Work task:
Omit the images and reproduce the rest of the entries exactly.

-- Dataset extract follows --

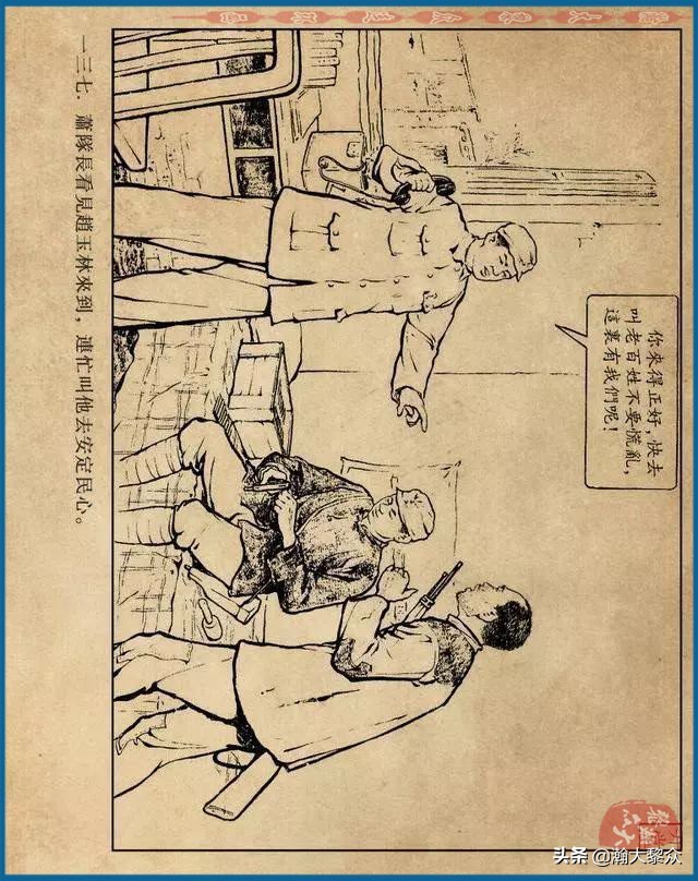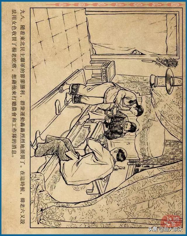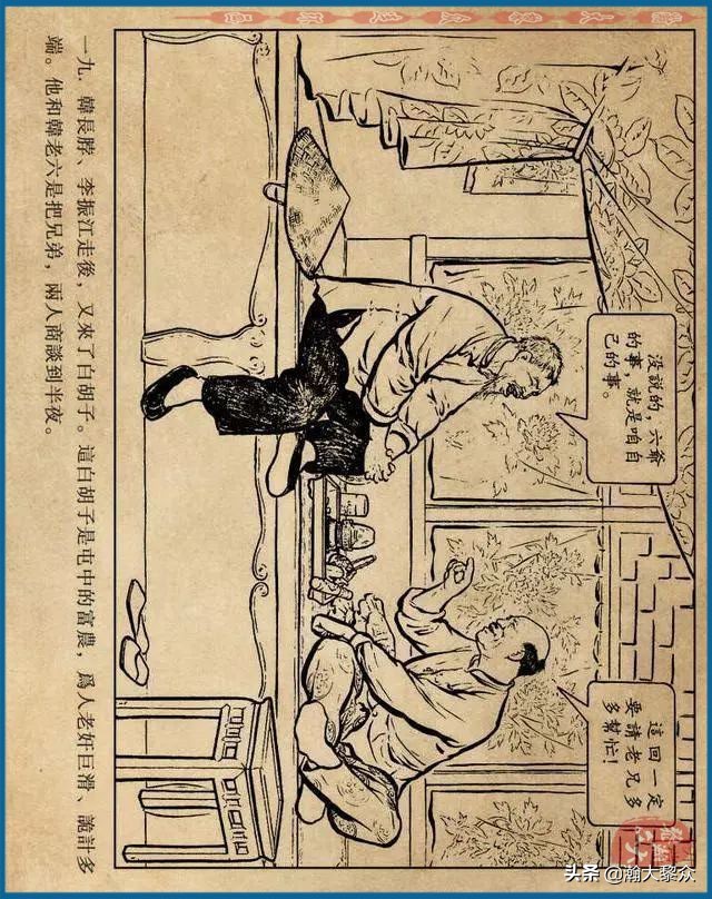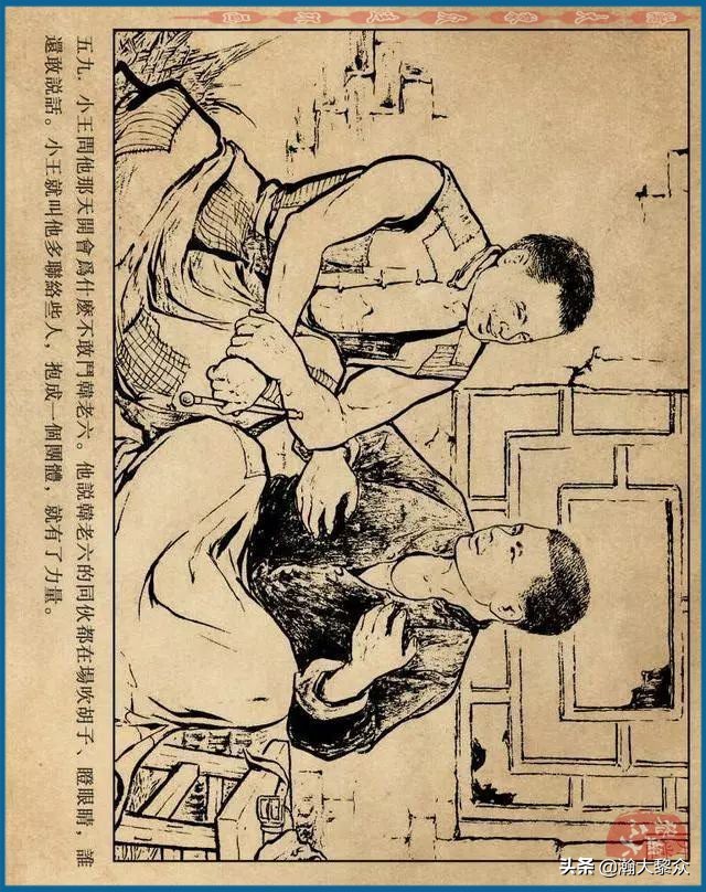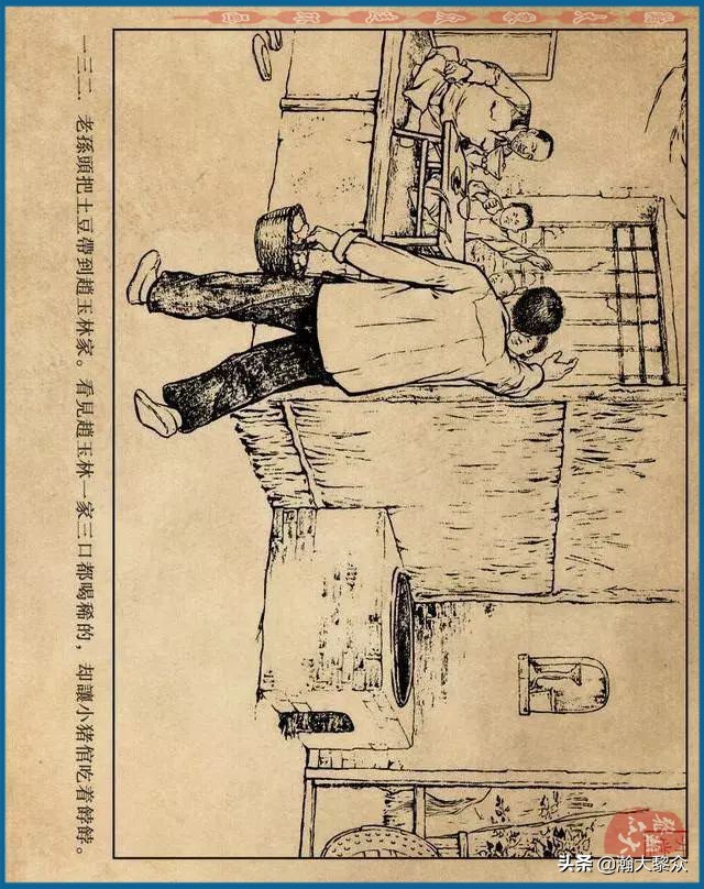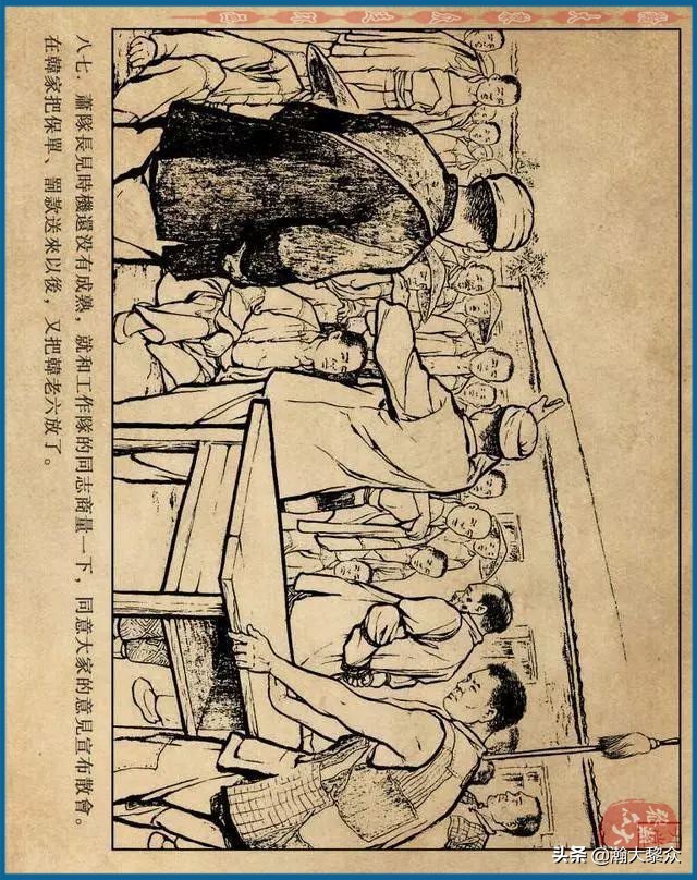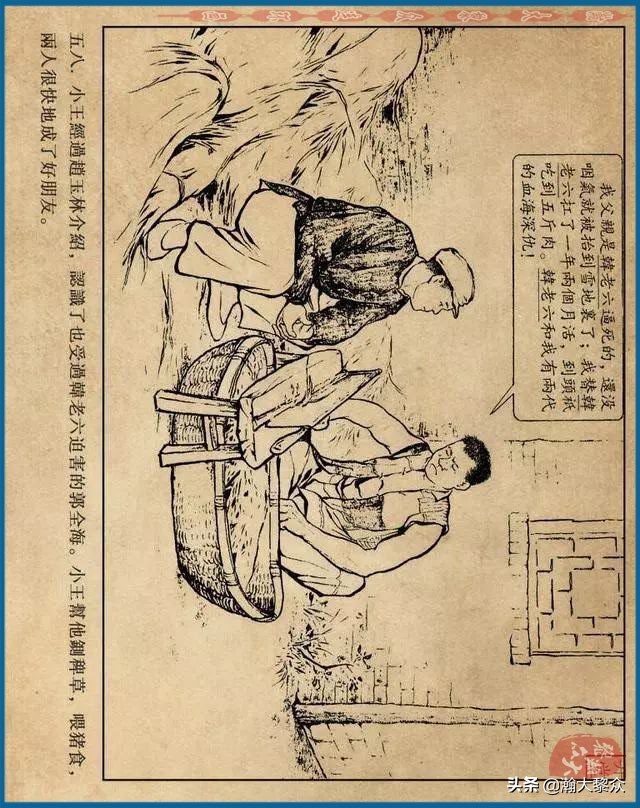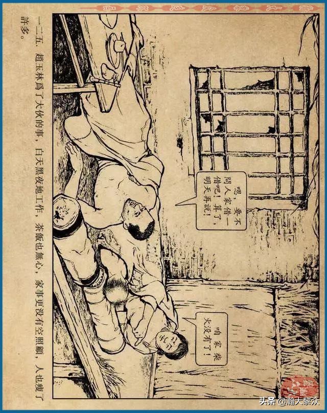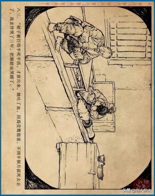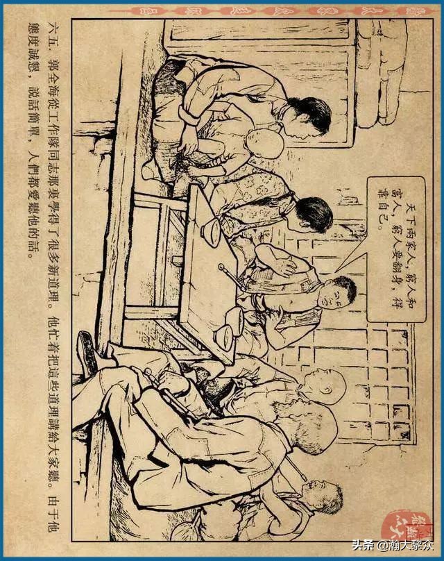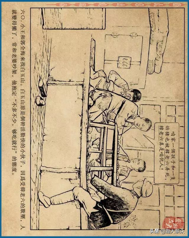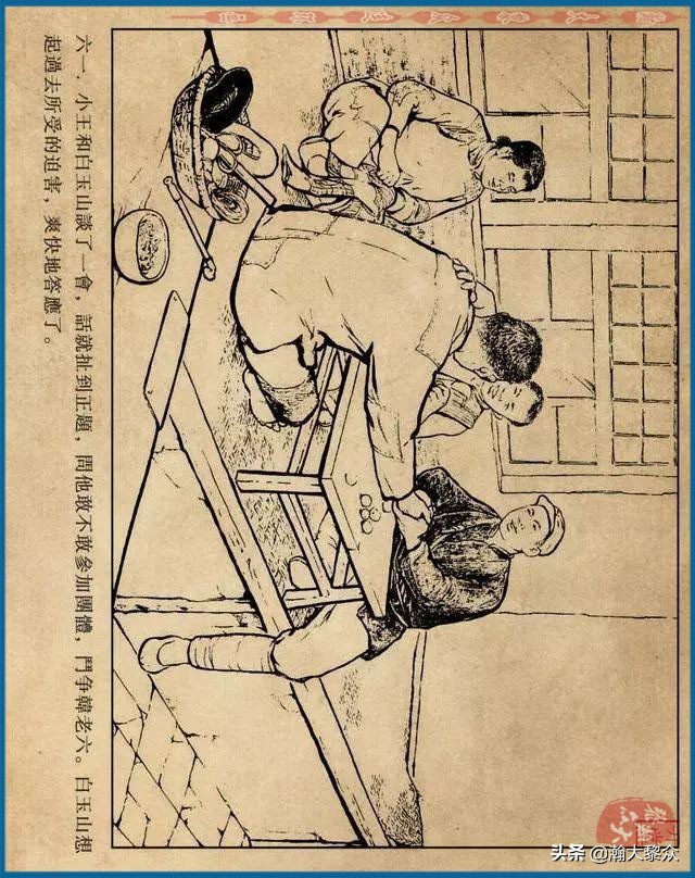 《暴风骤雨》根据周立波同名小说改编,原书曾荣获斯大林文学奖。连环画由刘锡永和夏书玉两人合作,当时属于中青结合,绘画互有提携,取长补短,堪称合作的佳品。初版时间:新美术出版社,1954年6月。为提携弟子,刘锡永配景配了很多,连棉被上的图案都甘愿画,毫无架子,值得尊敬。
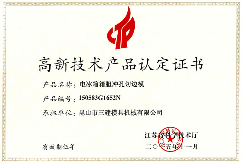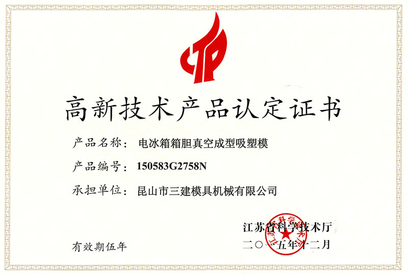 昆山市三建模具機械有限公司 創建于1996年,是一家研發生產電冰箱模具(電冰箱門、箱真空成型吸塑模、沖孔切邊模、
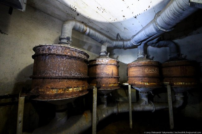 Гораздо лучше сохранилось помещение с резервуарами для воды. Вообще резервуары для воды — то, что сохраняется в каждом заброшенном объекте, независимо от степени его развандаленности и разворованности. Причина проста — украсть их невозможно.
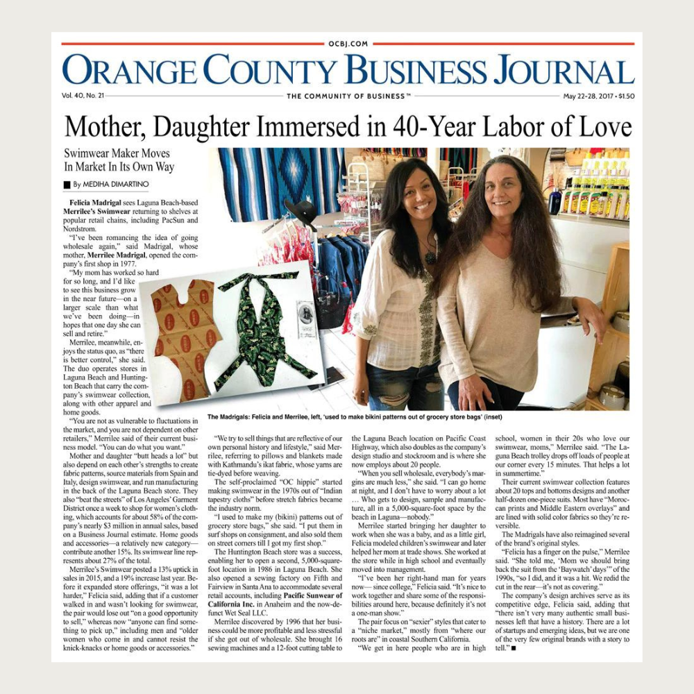 Merrilee’s Swimwear has always been famous for their swimwear line which is designed by the mother/daughter team of Merrilee and Felicia Madrigal. Our swimwear is designed and handmade in Laguna Beach, CA and sold exclusively at Merrilee’s Swimwear Boutique stores. We take pride in making high-quality, fashion-forward designer suits at affordable prices. Merrilee has proven herself to be a dominant design force behind swimwear trends across the world with countless top notch designers shopping her store to see what's new and hot. Many designers have tried to replicate her style and designs over the years but no one has managed to parallel her ability to continually out do the previous year and reinvent the way swimwear is worn year after year. Having made swimwear for over 40 years now, It’s not uncommon to find households with a grandmother, a mother and a daughter who have all owned and loved a Merrilee’s swimsuit of their own.
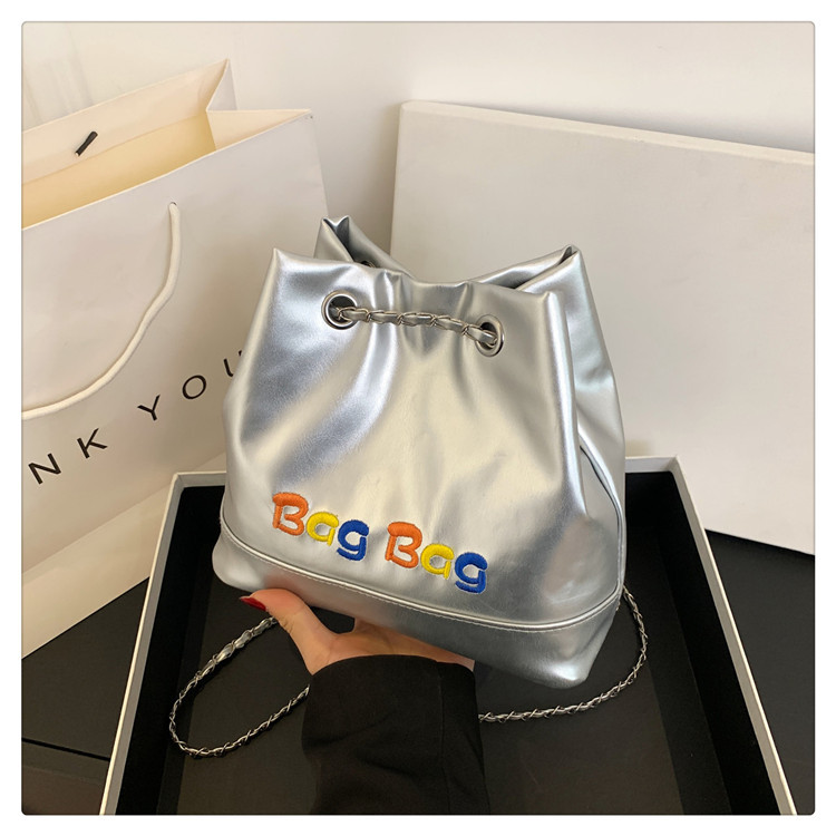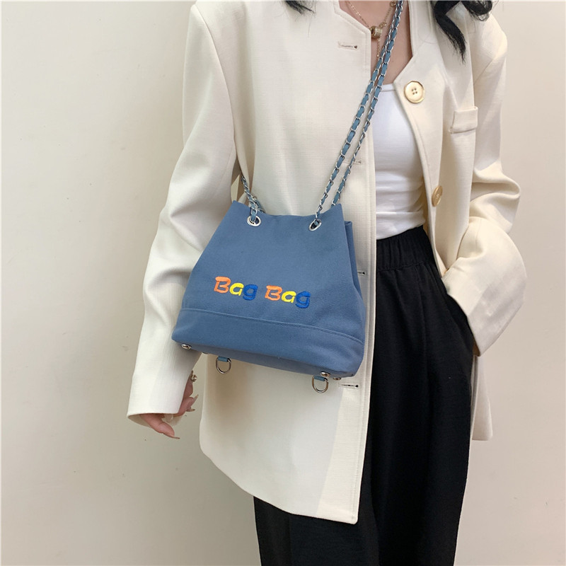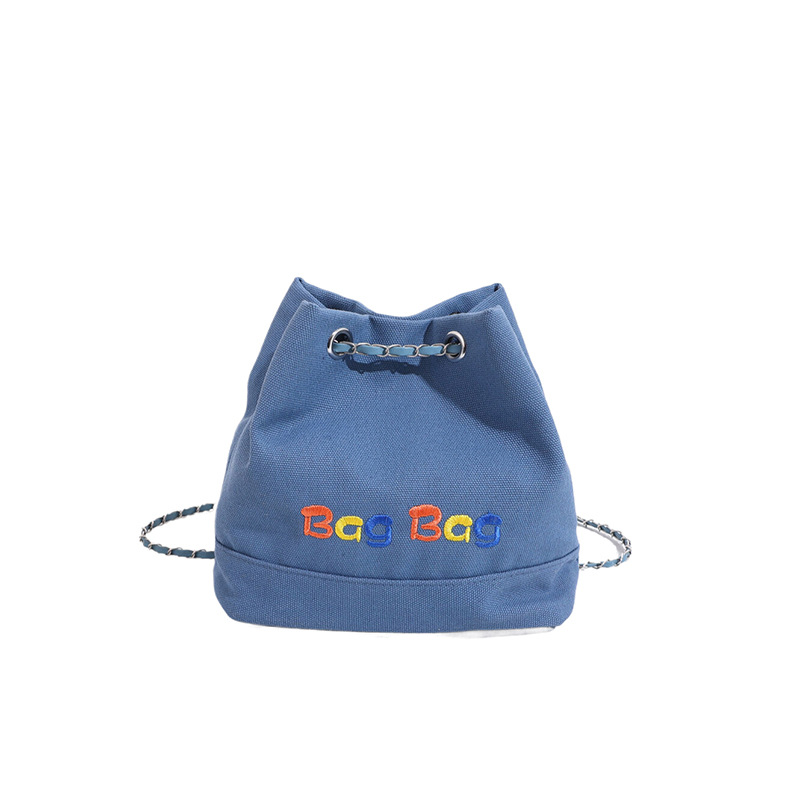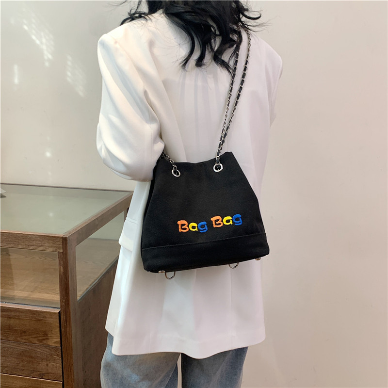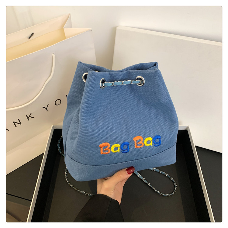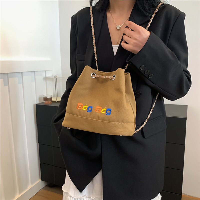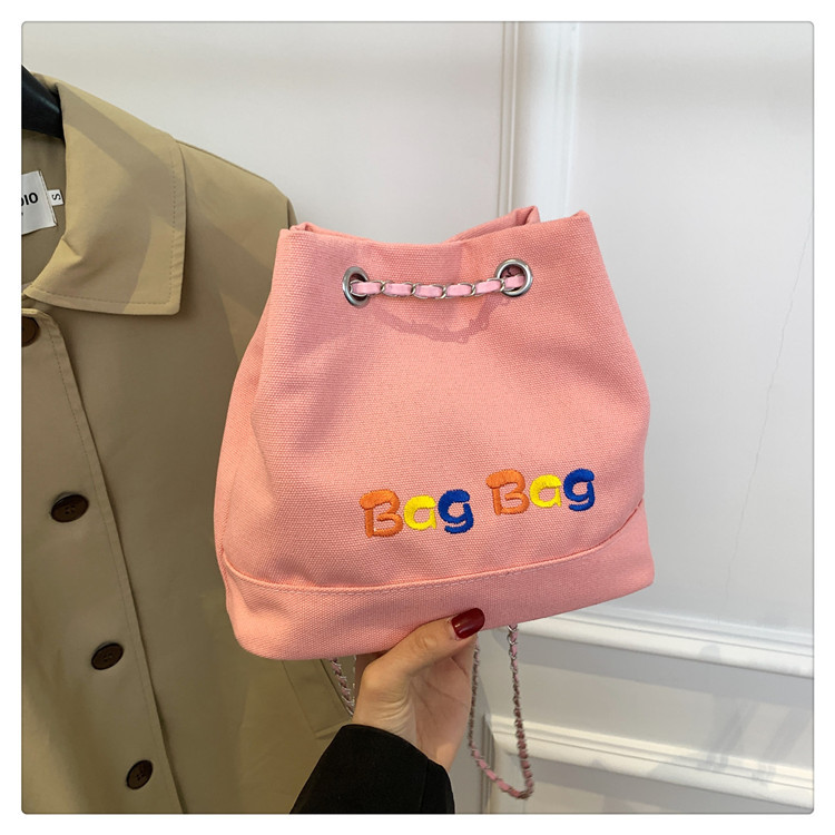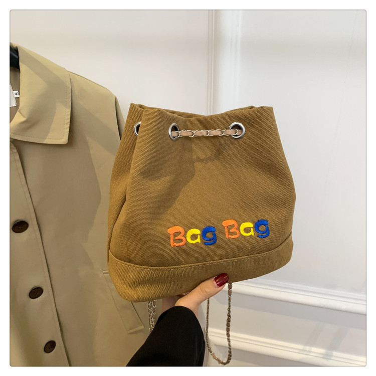 帆布小包包女新款时尚洋气链条字母抽带水桶包学生少女斜挎包

-- Dataset extract concluded --

Reply:
 《暴风骤雨》根据周立波同名小说改编,原书曾荣获斯大林文学奖。连环画由刘锡永和夏书玉两人合作,当时属于中青结合,绘画互有提携,取长补短,堪称合作的佳品。初版时间:新美术出版社,1954年6月。为提携弟子,刘锡永配景配了很多,连棉被上的图案都甘愿画,毫无架子,值得尊敬。
 昆山市三建模具機械有限公司 創建于1996年,是一家研發生產電冰箱模具(電冰箱門、箱真空成型吸塑模、沖孔切邊模、
 Гораздо лучше сохранилось помещение с резервуарами для воды. Вообще резервуары для воды — то, что сохраняется в каждом заброшенном объекте, независимо от степени его развандаленности и разворованности. Причина проста — украсть их невозможно.
 Merrilee’s Swimwear has always been famous for their swimwear line which is designed by the mother/daughter team of Merrilee and Felicia Madrigal. Our swimwear is designed and handmade in Laguna Beach, CA and sold exclusively at Merrilee’s Swimwear Boutique stores. We take pride in making high-quality, fashion-forward designer suits at affordable prices. Merrilee has proven herself to be a dominant design force behind swimwear trends across the world with countless top notch designers shopping her store to see what's new and hot. Many designers have tried to replicate her style and designs over the years but no one has managed to parallel her ability to continually out do the previous year and reinvent the way swimwear is worn year after year. Having made swimwear for over 40 years now, It’s not uncommon to find households with a grandmother, a mother and a daughter who have all owned and loved a Merrilee’s swimsuit of their own.
 帆布小包包女新款时尚洋气链条字母抽带水桶包学生少女斜挎包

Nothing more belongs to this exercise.